Sam Faiers’ mum feared early dementia over ‘agonising’ symptoms of brain fog

Suzie Wells is the mother to Sam and Billie Faiers and also grandmother to five with another on the way.

She was catapulted to fame thanks to her daughters’ appearance on TOWIE and then their own spin-off show, Sam & Billie: The Mummy Diaries on ITV.

The glamorous grandmother has spoken openly about her menopausal symptoms, which left her feeling as if she had dementia.

Severe memory issues during menopause can include a woman neglecting their personal hygiene, forgetting the name of familiar objects, or having difficulty following directions.

These symptoms during menopause can leave many worried they might be suffering from early-onset dementia.

“I thought I was getting early onset dementia,” Suzie told “You think, ‘Oh my God, am I going crazy?’ But it’s the brain fog.”

“Brain fog is a very common symptom of the menopause, and many women say that their brains feel like ‘cotton wool’,” explains the Menopause Charity.

“You might have noticed that you’re increasingly forgetful, can’t remember names, lose your keys, write endless to do lists, and find it hard to retain information.

“These symptoms can be so severe that you may even start to worry that you have dementia.”

Menopause symptoms affecting cognition and memory
Oestrogen and testosterone are two of the main female hormones that play an integral role when it comes to cognition and memory.

During perimenopause and menopause, these hormones levels drop with the result being a negative impact on a woman’s cognitive brain health.

Symptoms can include memory loss, difficulty finding the right kinds of words, inability to stay focused, losing your train of thought and confusion.

One study found that around 60% of middle-aged women may suffer from cognitive difficulties affecting their concentration.

These memory issues are said to peak during perimenopause and can last between four and 12 years.

Why does this happen?
Oestrogen helps to stimulate the brain, which in turn fires up the neurons supporting growth of new cells and also helping existing cells to form new connections.

“When oestrogen levels fall in midlife, your entire body – including your brain – goes into a sudden deprivation state,” adds the Menopause Charity.

“At a cellular level, oestrogen pushes your brain cells to burn more glucose, which is its main fuel.

“Studies have shown that there is an overall reduction of brain energy levels during menopause, which can trigger hot flushes, night sweats, anxiety, depression, brain fog, and the host of other cognitive symptoms mentioned.”

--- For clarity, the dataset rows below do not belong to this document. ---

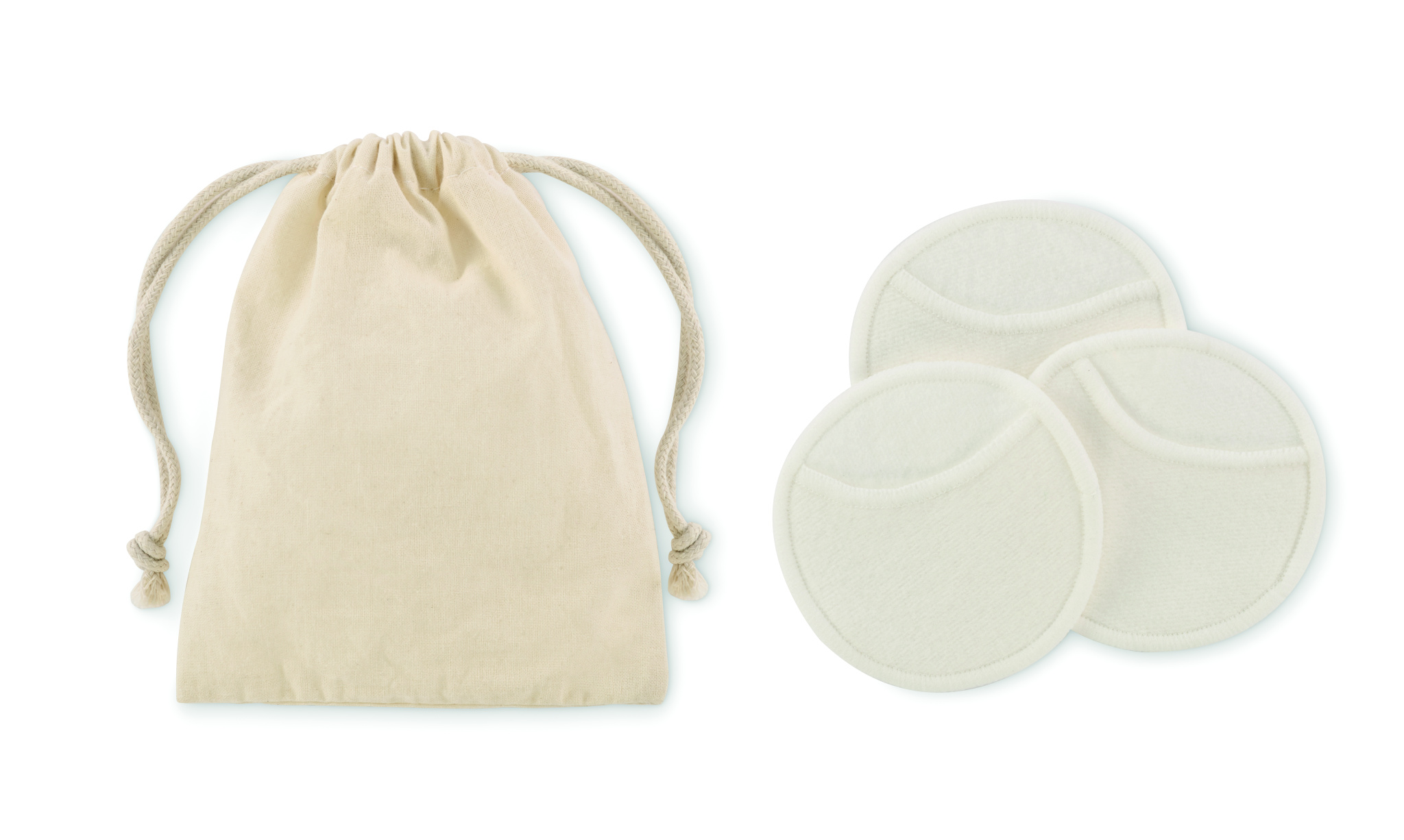 Kokvilnas maisiņā 3 gabali atkārtoti lietojami un mazgājami mīksti sejas tīrīšanas spilventiņi (diametrs 8 cm), kas izgatavoti no 70% bambusa šķiedras un 30% kokvilnas.
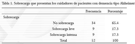 This study's objective was to determine the overload levels of caretakers for patients with Alzheimer dementia. The sample was selected by convenience. The main task had to be the care and support of a relative with this disease. 52 caretakers were evaluated, without regard of age, gender, race or religion. The overload evaluation was done using the Overload Scale of Caretaker Zarit Test, which seeks to identify the level of overload. Social demographic data was simultaneously organised and analysed using the SPSS version 1.9 statistics program. Results show that 65.4% did not file overload, 17.3% presents mild overload and the same percentage presents severe overload. It was determined that social demographic data such as highly educated, high socioeconomic status and relationship are related to the overload.
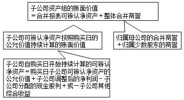 【答案解析】购买日,企业合并商誉=1600-1500×75%=475(万元);包含商誉的资产组的账面价值=1350+475/75%=1983.33(万元),包含商誉的资产组减值金额=1983.33-1500=483.33(万元);应由母公司A公司承担的份额=483.33×75%=362.5(万元)。
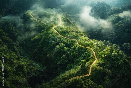 path, forest, winding, fog, tree, green, nature, landscape, mountain, hill, aerial, view, jungle, foliage, timberland, canopy, misty, sunlight, mist, sky, cloud, lush, vegetation, vibrant, scenic, natural, beauty, adventure, journey, travel, environment, ecosystem, exploration
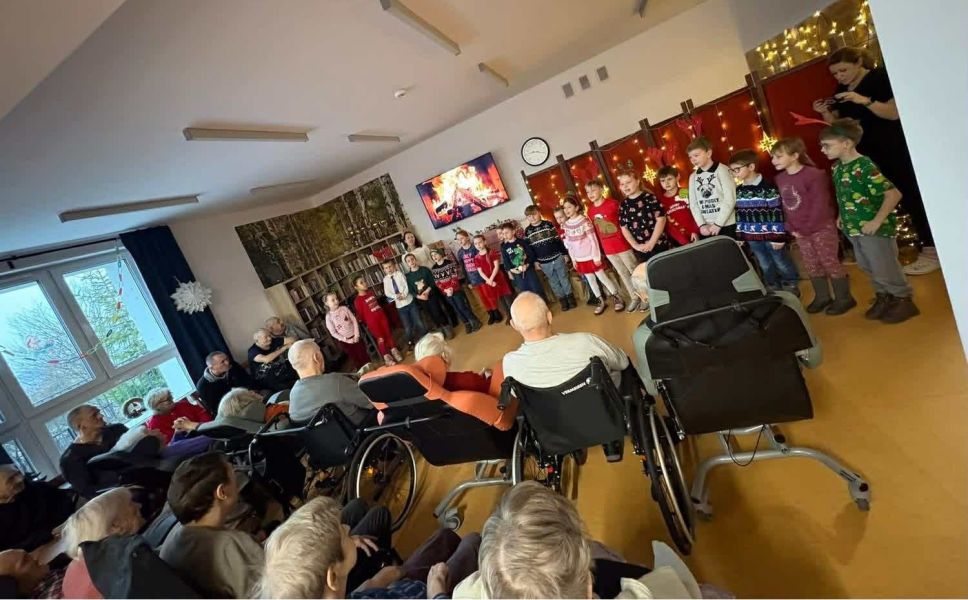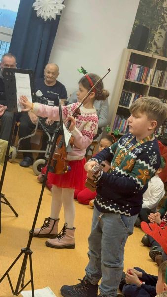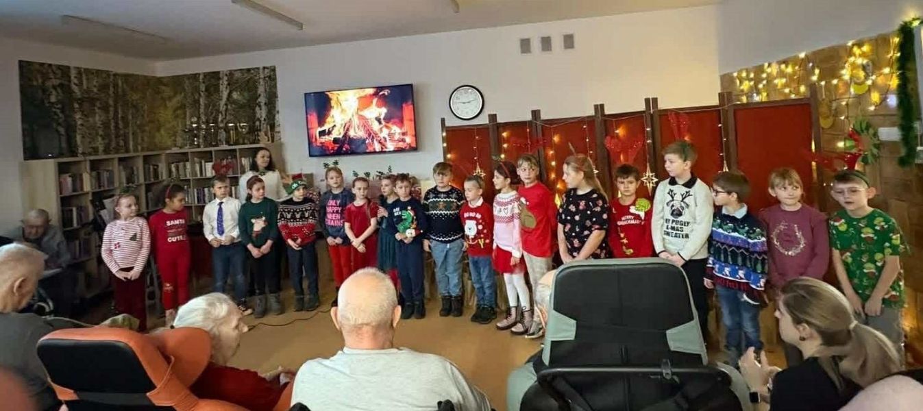 Prezenty dla Mieszkańców DPS zawiozły małe Elfiki z klasy 2A. Swoją wizytę zaczęły od pięknie wykonanego programu artystycznego obejmującego wiersze, pastorałki i kolędy. Te ostatnie - wspólnie śpiewali wszyscy uczestnicy tego wzruszającego spotkania. Na koniec występów, swój talent artystyczny, grą na skrzypcach, zaprezentowała Zuzanna Kowalewska oraz Nikodem Bendyk grający na ukulele. Nie ukrywamy, że chwile te były wyjątkowe i poruszyły niejedno serce, a w wielu oczach pojawiły się łzy wzruszenia.

Likewise, testosterone also plays a role in brain health, helping to strengthen the nerves that contribute to mental sharpness.

Testosterone also strengthens arteries that supply blood flow leading to the brain – a crucial aspect when it comes to memory recall.

“I should be on top of the world, but you just don’t feel yourself with the menopause. I’ve tried all sorts but I’m currently using HRT [hormone replacement therapy], including a transdermal spray, and I am feeling better,” said Suzie.

“But the doctor said I need to give it a good six months. I haven’t had that feeling yet where I feel like a different woman, but I’m getting there.”

Research shows that brain fog can improve post-menopause, with lifestyle changes helping to improve brain health including a healthy diet, exercise, managing stress with memory and crossword puzzles also helping.